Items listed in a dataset
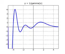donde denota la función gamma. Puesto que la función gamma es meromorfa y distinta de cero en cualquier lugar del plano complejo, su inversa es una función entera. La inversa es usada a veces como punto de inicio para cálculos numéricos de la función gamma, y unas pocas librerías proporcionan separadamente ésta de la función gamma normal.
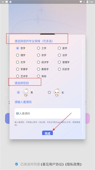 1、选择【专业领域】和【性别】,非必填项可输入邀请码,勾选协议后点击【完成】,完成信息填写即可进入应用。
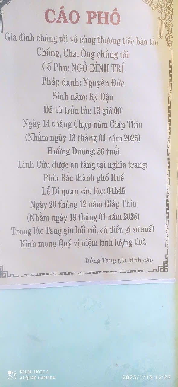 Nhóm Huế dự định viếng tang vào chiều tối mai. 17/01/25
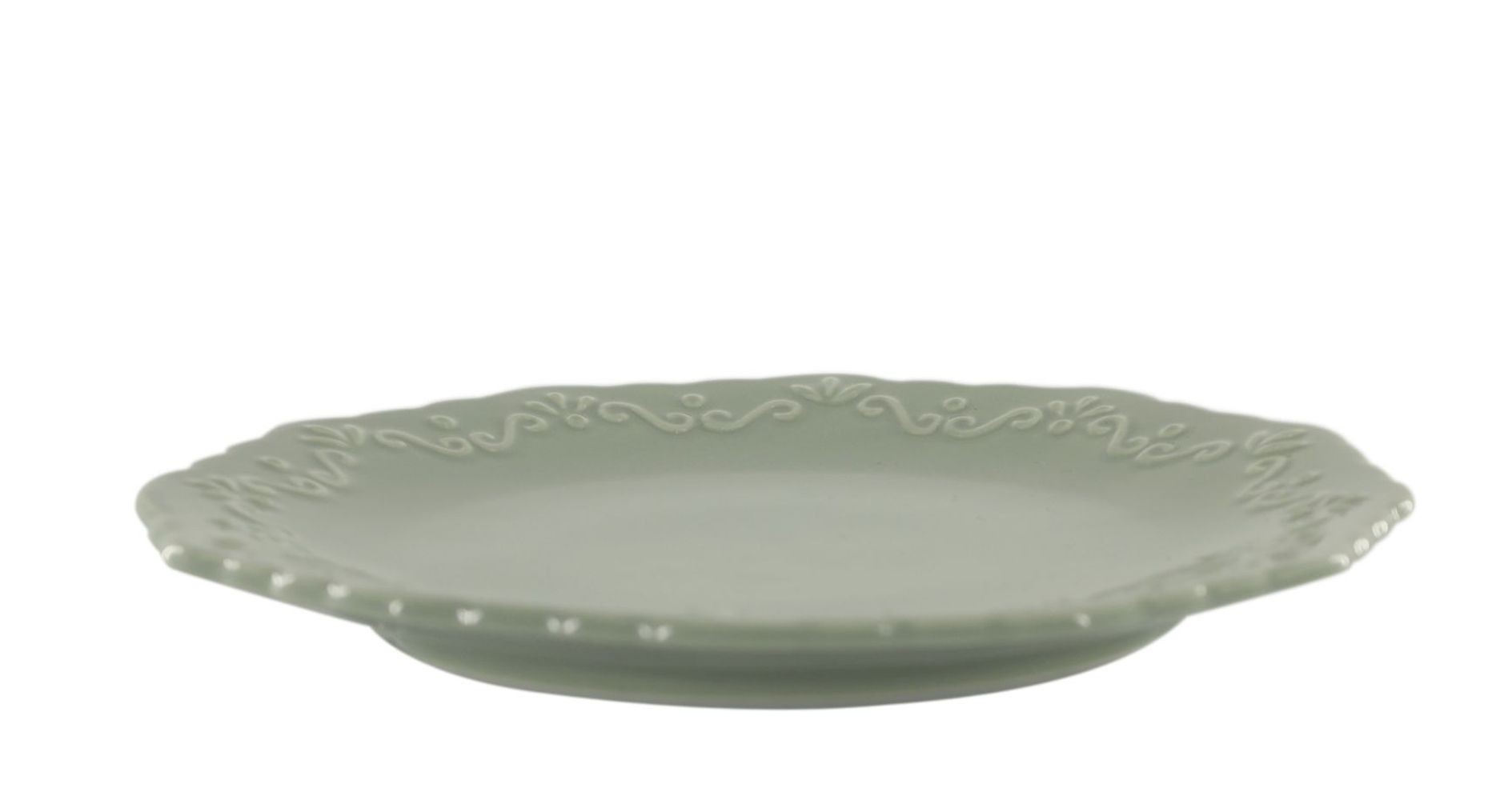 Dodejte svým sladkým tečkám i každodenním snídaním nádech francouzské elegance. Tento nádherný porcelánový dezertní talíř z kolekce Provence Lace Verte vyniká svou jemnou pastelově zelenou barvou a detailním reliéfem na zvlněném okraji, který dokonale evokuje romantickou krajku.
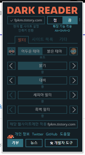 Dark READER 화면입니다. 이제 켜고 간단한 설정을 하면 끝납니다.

» WORK INSTRUCTIONS
Print every record above exactly, with no pictures.

» EXPECTED ANSWER
donde denota la función gamma. Puesto que la función gamma es meromorfa y distinta de cero en cualquier lugar del plano complejo, su inversa es una función entera. La inversa es usada a veces como punto de inicio para cálculos numéricos de la función gamma, y unas pocas librerías proporcionan separadamente ésta de la función gamma normal.
 1、选择【专业领域】和【性别】,非必填项可输入邀请码,勾选协议后点击【完成】,完成信息填写即可进入应用。
 Nhóm Huế dự định viếng tang vào chiều tối mai. 17/01/25
 Dodejte svým sladkým tečkám i každodenním snídaním nádech francouzské elegance. Tento nádherný porcelánový dezertní talíř z kolekce Provence Lace Verte vyniká svou jemnou pastelově zelenou barvou a detailním reliéfem na zvlněném okraji, který dokonale evokuje romantickou krajku.
 Dark READER 화면입니다. 이제 켜고 간단한 설정을 하면 끝납니다.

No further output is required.